Serum transaminases (which reflect the extent of hepatocellular death) experienced a striking elevation after 24 hpi, but the values were significantly less increased in RHDV-infected animals treated with CT-1 than in those receiving saline (Fig. 1B and C). Similarly, serum bilirubin levels (whose elevation results from the liver failure to transport bilirubin to bile) increased markedly at 36 and 48 hpi in the two groups, but the rise was significantly lower in CT-1-treated animals (Fig. 1D). In CT-1-treated animals that survived, the biochemical parameters approached normal values at day 7 postinfection (Fig. 1B to D).

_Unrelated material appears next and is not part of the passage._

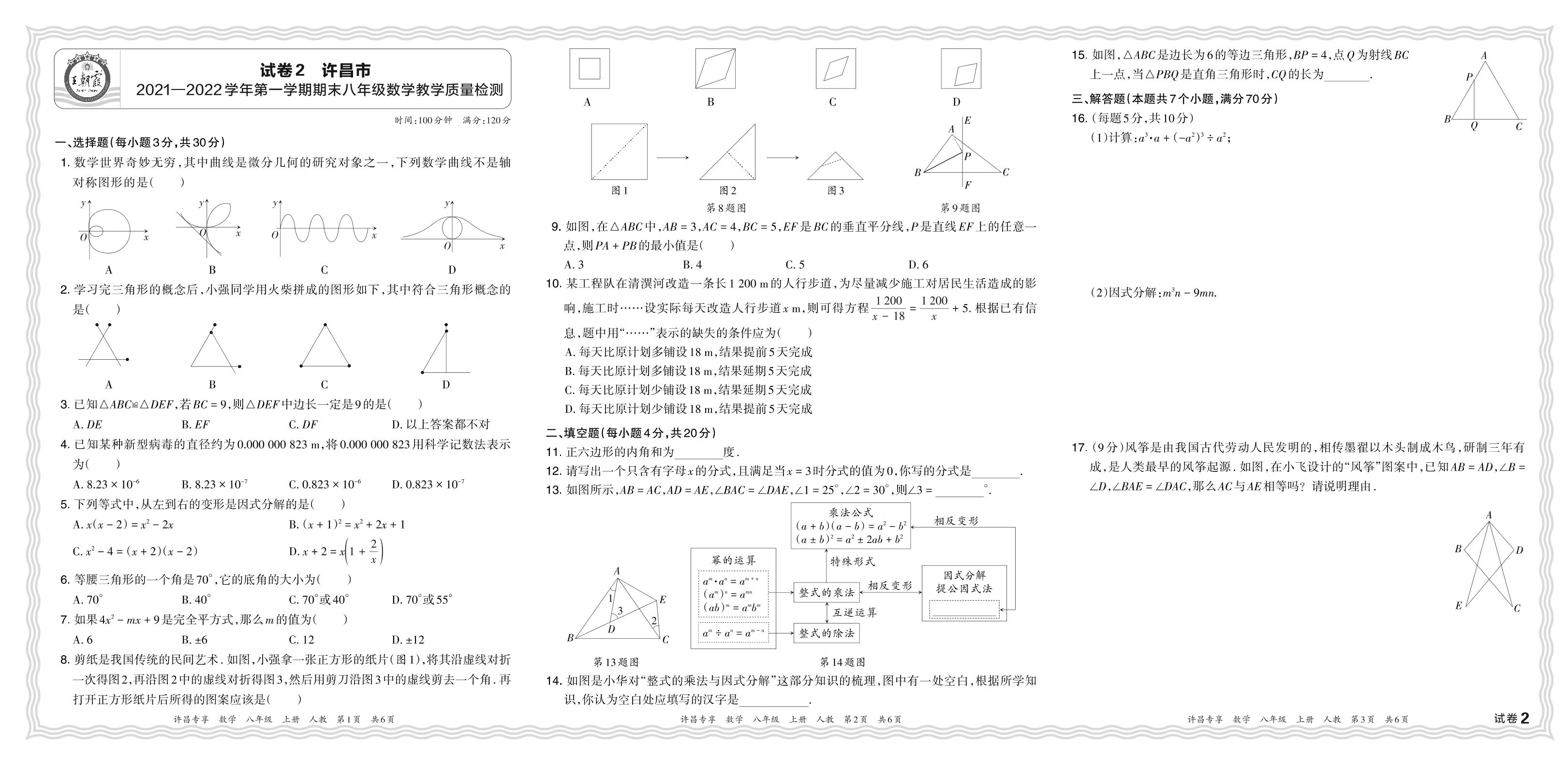 河南省许昌市2021—2022学年第一学期期末八年级数学教学质量检测(人教版)【2】

In ALF, plasma hypoglycemia develops because of impaired gluconeogenesis and reduced insulin clearance (23, 28). In untreated infected rabbits, plasma glucose dropped profoundly as result of liver failure, while it was maintained at significantly higher values in animals which received CT-1 therapy (Fig. 1E).

Effect of CT-1 therapy on liver histopathology.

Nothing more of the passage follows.